I flapped my arms and squawked and she started laughing.

“Well, if I didn’t know better, I’d think they knew you, Jenny,” Art said. “Maybe your white kerchief is fooling them.”

Jenny giggled. “Swans have long memories. They keep in mind who is nice to them and who isn’t, but mostly they don’t like people. My mother enjoys telling me they eat swans where Granny came from. Sweet William doesn’t like Mother.” She beamed at her big birds, like she’d had this conversation with them before. “Your Grampie said swans and crows never forget a kindness and they never forget a wrong. He knew as much about birds as Granny does about flowers. Swans live for a long time. Up to thirty years, he said. That way I’d have them right through until I was a grown-up. You don’t have to feel bad about them dying when you’re a child, the way you would with a dog or a cat.”

Old Jake wandered through my mind then, his tail wagging, Grampie there on the verandah in his porch rocker, watching me fill the bird feeders. Wild birds were good pets. They came and went and took care of themselves.

The swans bobbed in the water, cooing as though Jenny’s voice soothed them. “Daddy didn’t bother thinking what it would be like for his children if
he
died before we were grown up.”

The big white birds kept looking at Jenny, and she started trilling at them in this odd way she had, and they trilled back. It was hypnotic, and finally, when the copper chimes in the herb gardens
by the Water House started ringing and they hollered our names, we realized how long we’d been out by the pond. Jenny put on her sandals and trotted off, a small girl on a summer’s eve. Art and I followed her yet again. I turned and looked over my shoulder, and there on the pond full of the amethyst sky sat the two swans, at the water’s edge, watching us as we disappeared into the dark shadows falling down now as night came waltzing in.

15.
The Dead Samurai

I
T WAS
easy then, as it still is now, to forget that the world beyond the thick forest of Petal’s End could be different. While we’d stopped at the big house for sweaters and flashlights, Harry had gone ahead to start the fire. We made a parade of light down through the woodland trail to the beach. It was near dark when we came to the shore and we could smell the driftwood smoke on the salty sea air as we came out of the woods. The remains of the day still lingered in a smouldering red line on the horizon. The island was out there, a black silhouette, a large creature that had risen from the waters, waiting. It was hard to imagine anyone living over there.
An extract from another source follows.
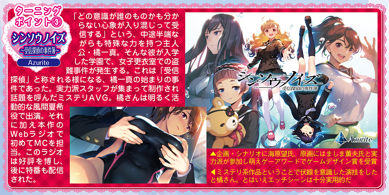 橘:2015年のインタビュー以降ですと『シンソウノイズ ~受信探偵の事件簿~』(Azurite)。この作品はWebラジオがあったじゃないですか。一緒にMCを担当したくすはらゆいさんとはこの作品で仲良くなって、後に『CLIP☆CRAFT☆らじお』も一緒にやらせてもらうんですが、人間関係が大きく広がりました。体験版実況をやったり、イベントにも参加したりと、思い出の多い作品です。

I remembered Grampie describing how the sky had lit up the night the lighthouse burned down all those years ago, before it was replaced with a steel tower and the automated beacon. Pomeline used to say if there was ever a part of Petal’s End she wanted it was the island, that high atop would be the perfect place for a music conservatory.

Harry called out to us as we came over the rocks. “Hurrah, you’re here! We can’t stay too long. I promised Loretta you’d get to bed early. We have busy days with the garden party so soon. My, we are working you children hard. I hope you don’t report us, Dr. Baker, for child exploitation.” Harry chuckled and stirred the fire. He was in his khaki shorts, with a wool sweater on. For once his hat wasn’t around his neck. He had wool blankets waiting for us on the big logs around the fire. Waves were breaking on the rocks. A thin white line of surf appeared and disappeared in the dark-blue light.

“It’s good to see them having some fun, Harold,” Dr. Baker said as he sat down on one of the logs.

“Where’s Margaret?” Jenny sat down beside Dr. Baker.

“She stayed with your grandmother. Hector was going to drive her home.”

“I could have stayed up with Granny and helped …” Jenny’s voice broke off.

Dr. Baker laughed. “You need to have some fun. Doctor’s orders. Margaret’s happy to stay late. She’s worked out well, I’d say. Your grandmother adores her.”

Jenny coughed. “Oh rest beside the weary road.”

Pomeline put her hand on Jenny’s, her long fingers covering her sister’s hands completely. “Jenny, please don’t start up with that. Let’s have fun.” The flames flickered and Pomeline’s face glowed. She took a blanket and put it over Jenny’s knees. “Let’s be proper sisters, shall we, Agatha Jennifer Parker?”

Jenny coughed again and Dr. Baker leaned forward. “Your breathing is a bit ragged. The sea air will be good for your lungs but do stay back from the woodsmoke. Driftwood fires are the worst, what with all the brine in the logs. You need to slow down, Jenny, or your mother will be apoplectic. We don’t want that.”

The ensuing silence lingered, only the crackles from the fire popping out. It seemed Estelle was speaking to us from far away in
the city, looking into a crystal ball where flame and laughter swirled in wheezy spirals of smoke.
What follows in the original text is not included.